======== STORED DATA ========

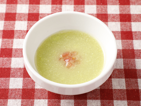 4. 器に入れ、湯むきして細かく切ったトマトを盛り付けます。
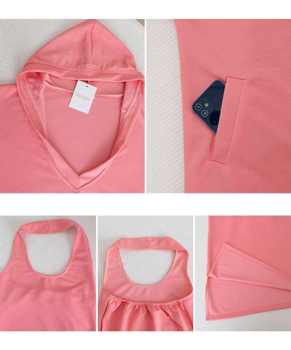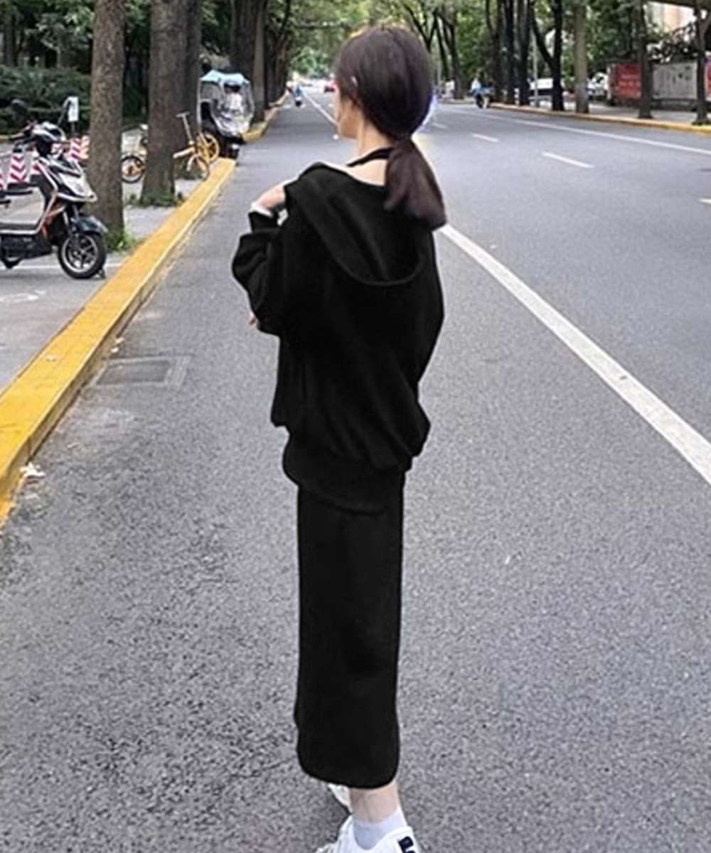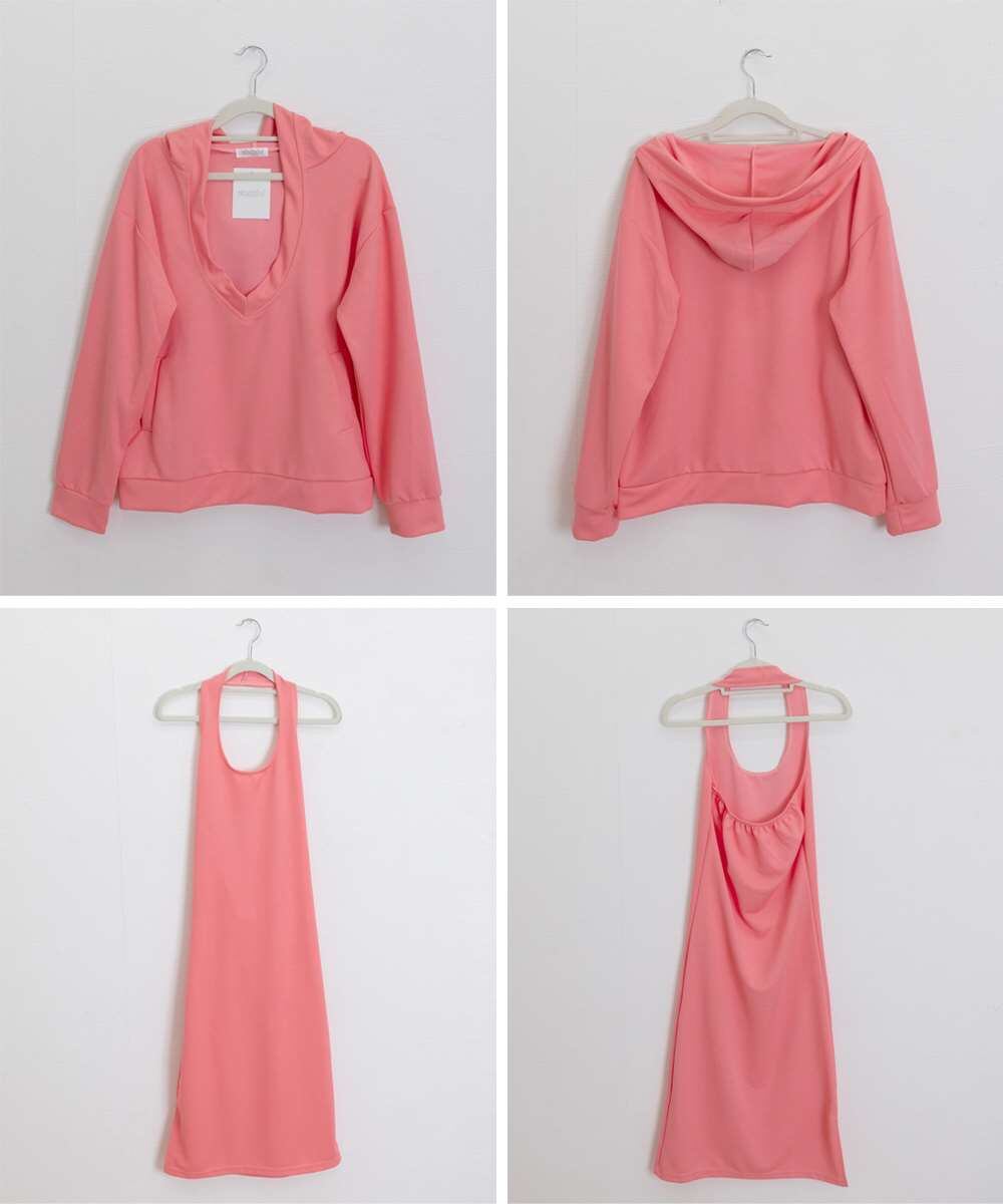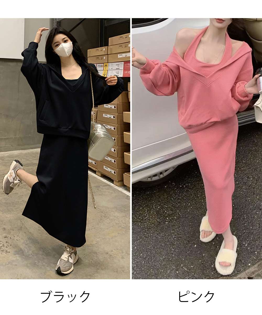 フーディー風トップスとロングワンピで大人可愛く映える上下2点セットアップ。
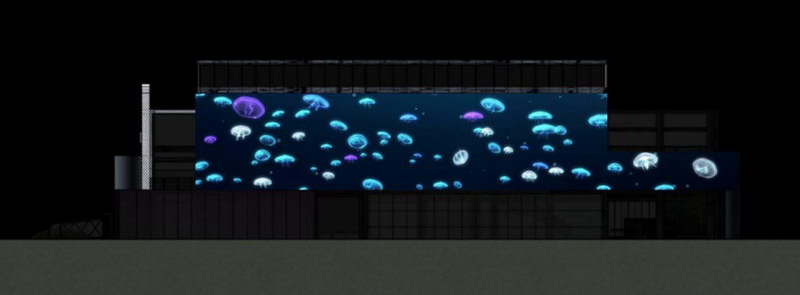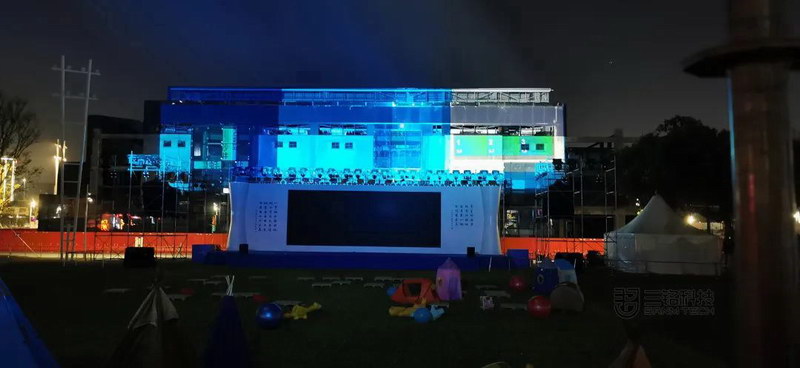 31000流明高清工程投影機(jī)將表演舞臺(tái)背后的墻面作為展示屏。45米X10米的超大尺寸展示,運(yùn)用不一樣的藝術(shù)動(dòng)態(tài)展示,產(chǎn)生了超乎想象的震撼效果,是充滿(mǎn)想象力的影像與建筑物搭配的完美結(jié)合。

========

EXERCISE AIM —
Restate the material above word for word, dropping the pictures.

WRITTEN SOLUTION —
 4. 器に入れ、湯むきして細かく切ったトマトを盛り付けます。
 フーディー風トップスとロングワンピで大人可愛く映える上下2点セットアップ。
 31000流明高清工程投影機(jī)將表演舞臺(tái)背后的墻面作為展示屏。45米X10米的超大尺寸展示,運(yùn)用不一樣的藝術(shù)動(dòng)態(tài)展示,產(chǎn)生了超乎想象的震撼效果,是充滿(mǎn)想象力的影像與建筑物搭配的完美結(jié)合。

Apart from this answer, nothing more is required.